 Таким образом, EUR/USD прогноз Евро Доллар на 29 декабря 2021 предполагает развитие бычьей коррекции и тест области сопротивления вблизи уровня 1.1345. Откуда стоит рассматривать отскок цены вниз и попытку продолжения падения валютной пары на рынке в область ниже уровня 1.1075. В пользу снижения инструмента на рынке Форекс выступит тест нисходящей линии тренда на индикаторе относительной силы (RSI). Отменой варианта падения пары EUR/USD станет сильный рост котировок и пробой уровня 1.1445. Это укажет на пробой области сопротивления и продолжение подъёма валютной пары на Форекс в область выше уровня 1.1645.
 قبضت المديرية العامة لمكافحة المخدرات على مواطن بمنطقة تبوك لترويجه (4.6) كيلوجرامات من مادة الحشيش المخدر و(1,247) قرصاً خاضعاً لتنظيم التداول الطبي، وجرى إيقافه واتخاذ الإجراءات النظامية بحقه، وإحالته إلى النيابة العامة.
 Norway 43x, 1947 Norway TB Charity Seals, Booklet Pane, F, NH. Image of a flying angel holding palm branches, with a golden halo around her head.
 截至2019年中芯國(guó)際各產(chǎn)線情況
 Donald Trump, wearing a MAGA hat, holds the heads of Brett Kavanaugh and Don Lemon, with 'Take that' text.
* * * *
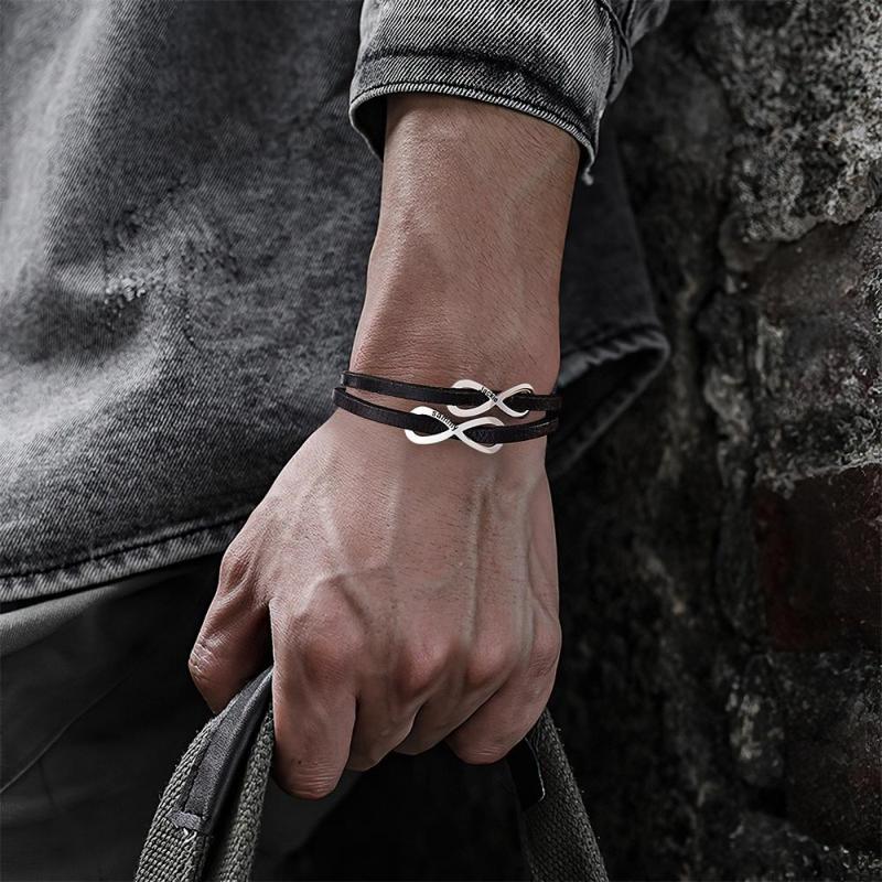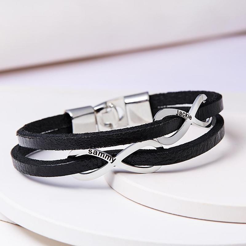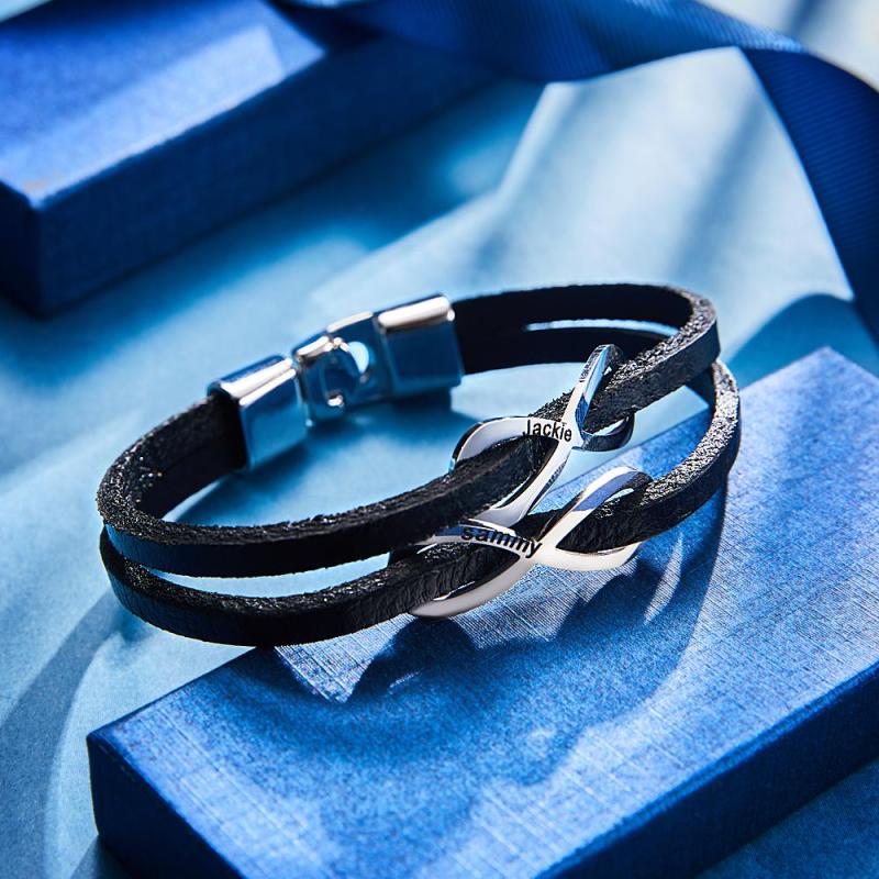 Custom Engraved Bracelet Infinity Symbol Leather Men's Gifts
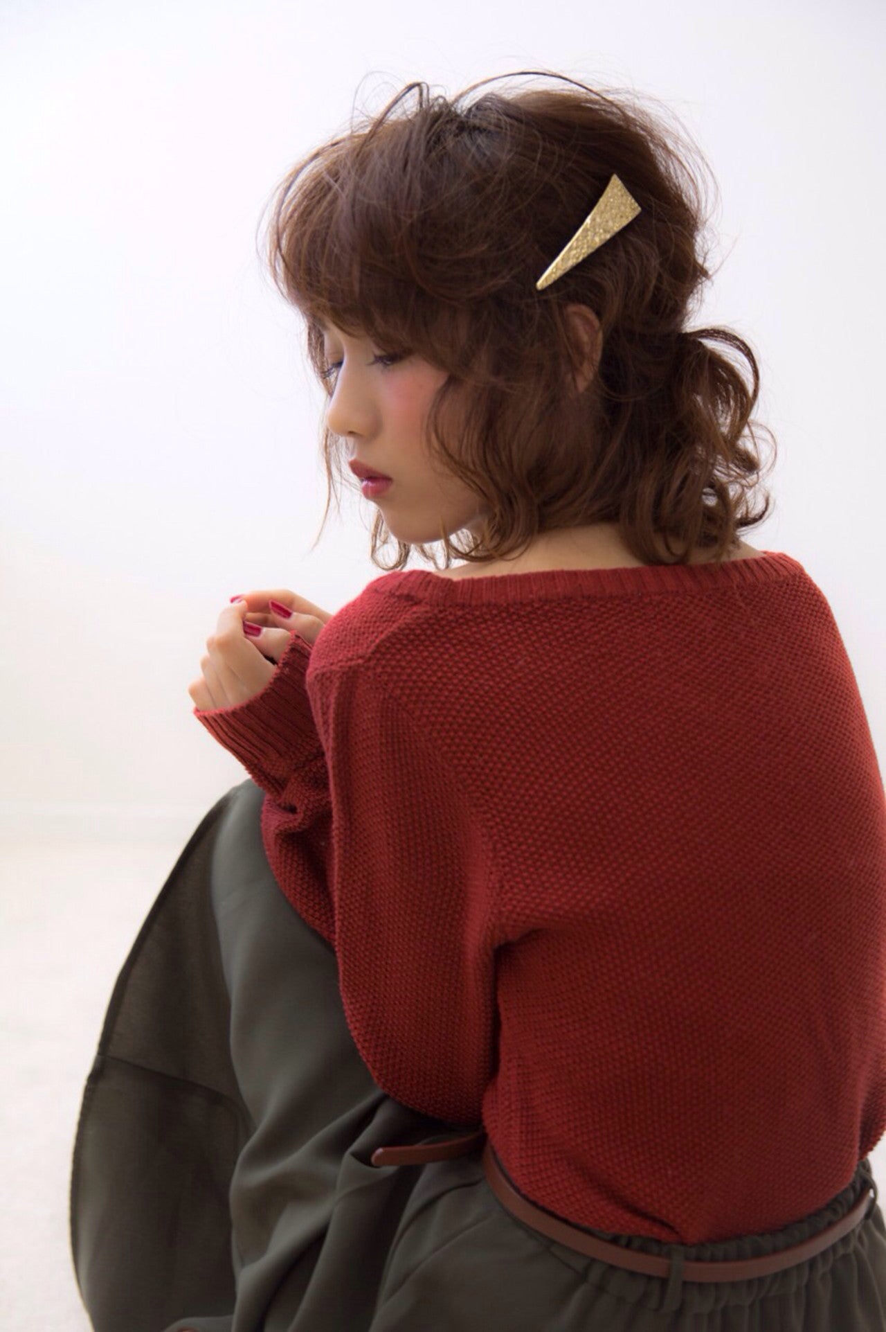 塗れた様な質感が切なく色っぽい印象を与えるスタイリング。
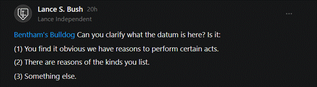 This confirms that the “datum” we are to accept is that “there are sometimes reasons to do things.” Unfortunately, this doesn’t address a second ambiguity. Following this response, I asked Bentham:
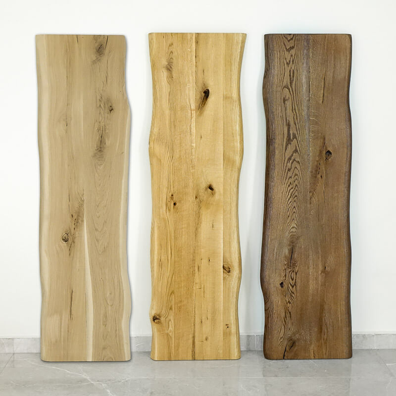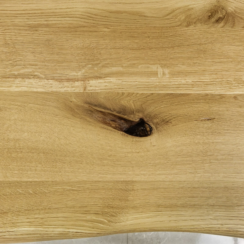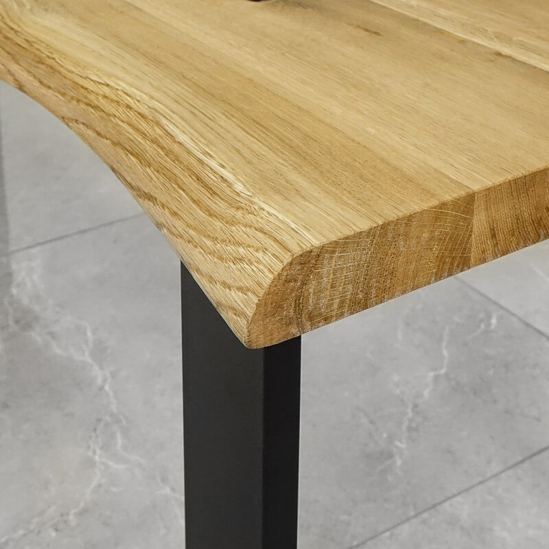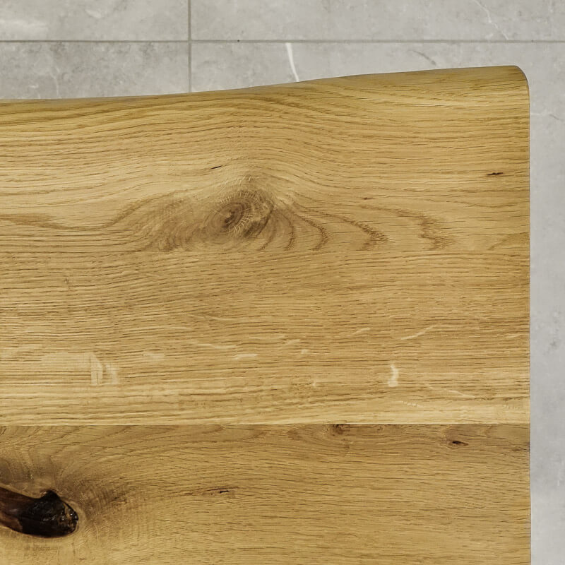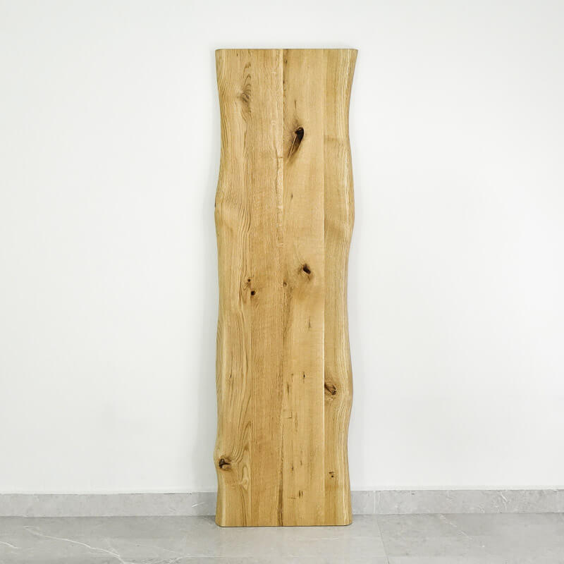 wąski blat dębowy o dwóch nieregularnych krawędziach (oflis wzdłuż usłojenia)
* * * *
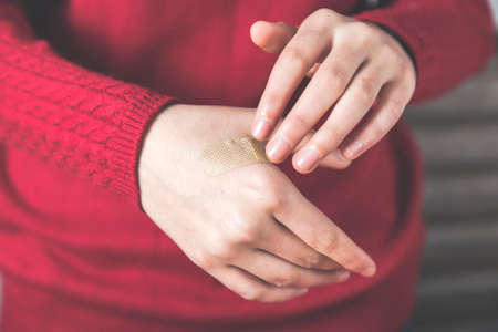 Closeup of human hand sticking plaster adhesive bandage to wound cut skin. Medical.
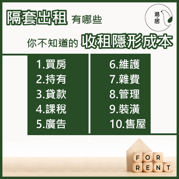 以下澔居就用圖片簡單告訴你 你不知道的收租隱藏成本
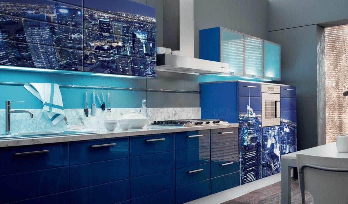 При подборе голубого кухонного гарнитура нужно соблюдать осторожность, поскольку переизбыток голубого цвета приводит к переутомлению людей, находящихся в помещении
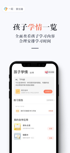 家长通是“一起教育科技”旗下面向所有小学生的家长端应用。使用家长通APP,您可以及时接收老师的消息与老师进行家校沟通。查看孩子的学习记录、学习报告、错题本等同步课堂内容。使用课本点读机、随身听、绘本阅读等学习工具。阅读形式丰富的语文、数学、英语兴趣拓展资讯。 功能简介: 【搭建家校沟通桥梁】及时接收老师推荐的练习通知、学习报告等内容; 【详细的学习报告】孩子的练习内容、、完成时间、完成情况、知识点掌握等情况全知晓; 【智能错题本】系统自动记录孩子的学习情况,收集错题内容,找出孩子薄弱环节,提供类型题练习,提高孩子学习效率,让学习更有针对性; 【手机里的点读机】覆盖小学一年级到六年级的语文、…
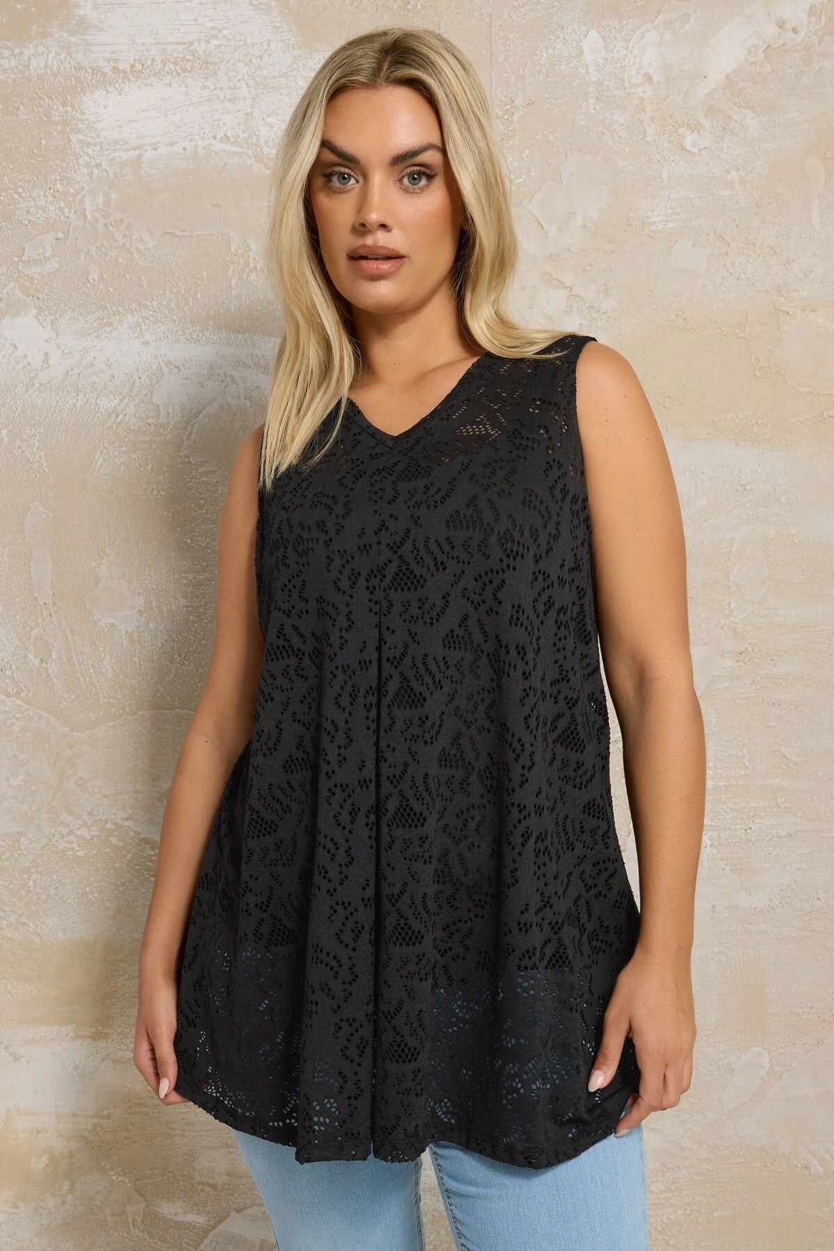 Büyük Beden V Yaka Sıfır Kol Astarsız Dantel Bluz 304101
* * * *
_Description of the task_.
While skipping the pictures, transcribe the data above from the line showing "以下澔居就用圖片簡單告訴你 你不知道的收租隱藏成本" through the line showing "Büyük Beden V", exactly and with both ends.

_Answer space_.
 以下澔居就用圖片簡單告訴你 你不知道的收租隱藏成本
 При подборе голубого кухонного гарнитура нужно соблюдать осторожность, поскольку переизбыток голубого цвета приводит к переутомлению людей, находящихся в помещении
 家长通是“一起教育科技”旗下面向所有小学生的家长端应用。使用家长通APP,您可以及时接收老师的消息与老师进行家校沟通。查看孩子的学习记录、学习报告、错题本等同步课堂内容。使用课本点读机、随身听、绘本阅读等学习工具。阅读形式丰富的语文、数学、英语兴趣拓展资讯。 功能简介: 【搭建家校沟通桥梁】及时接收老师推荐的练习通知、学习报告等内容; 【详细的学习报告】孩子的练习内容、、完成时间、完成情况、知识点掌握等情况全知晓; 【智能错题本】系统自动记录孩子的学习情况,收集错题内容,找出孩子薄弱环节,提供类型题练习,提高孩子学习效率,让学习更有针对性; 【手机里的点读机】覆盖小学一年级到六年级的语文、…
 Büyük Beden V Yaka Sıfır Kol Astarsız Dantel Bluz 304101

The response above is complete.